Structure your knowledge for retrieval

  • One topic per source. Split a sprawling FAQ into focused sources. Retrieval works better on tight, single-topic chunks than on one giant page.
  • Lead with the answer. Write support content answer-first; the model surfaces the first relevant lines.
  • Remove noise. Navigation, cookie banners, and marketing fluff dilute retrieval. Point the crawler at content pages, not your homepage.
  • Keep it current. Re-crawl when policies change. Stale data is the most common cause of wrong answers.

Pin high-stakes answers with Q&A

Anything involving money, eligibility, or legal commitments should be a Q&A pair, not left to paraphrase. Q&A sources take priority over crawled text, so the exact wording you approve is what customers get.

Don't let the model improvise policy

A model paraphrasing "30-day returns" can drift into "no-questions-asked refunds." Pin the precise policy as Q&A and the agent quotes it verbatim.

Set clear guardrails in the prompt

Your system prompt should tell the agent what to do when it doesn't know, and what it must never do:

Answer ONLY from the provided knowledge.
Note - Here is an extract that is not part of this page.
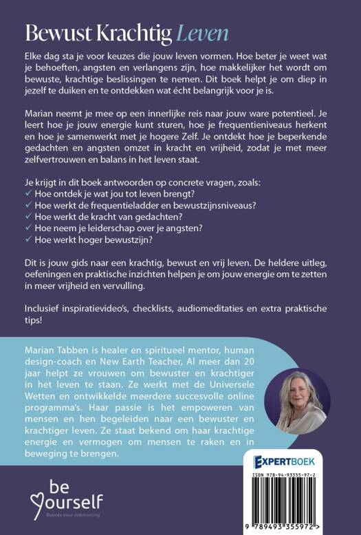 Dit is jouw gids naar een krachtig, bewust en vrij leven. De heldere uitleg, oefeningen en praktische inzichten helpen je om jouw energie om te zetten in meer vrijheid en vervulling.Inclusief inspiratievideo’s, checklists, audiomeditaties en extra praktische tips!Marian Tabben is healer en spiritueel mentor, human design-coach en New Earth Teacher. Al meer dan 20 jaar helpt ze vrouwen om bewuster en krachtiger in het leven te staan. Ze werkt met de Universele Wetten en ontwikkelde meerdere succesvolle online programma’s. Haar passie is het empoweren van mensen en hen begeleiden naar een bewuster en krachtiger leven. Ze staat bekend om haar krachtige energie en vermogen om mensen te raken en in beweging te brengen.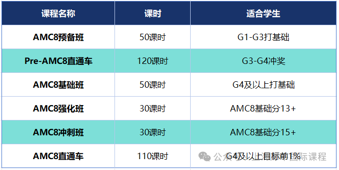 50小时,适合初次备考AMC8竞赛的学生,初步建立AMC8知识体系,补充AMC8竞赛知识点。

If something isn't covered,
say you'll connect the customer with the team — never invent policy,
prices, order details, or shipping dates. Keep replies short and friendly.

Choose the right model

Faster, cheaper models handle the bulk of routine questions well. Reserve a larger model for agents that reason over complex policies or long context. See Models & model choice for the trade-offs and per-model credit costs.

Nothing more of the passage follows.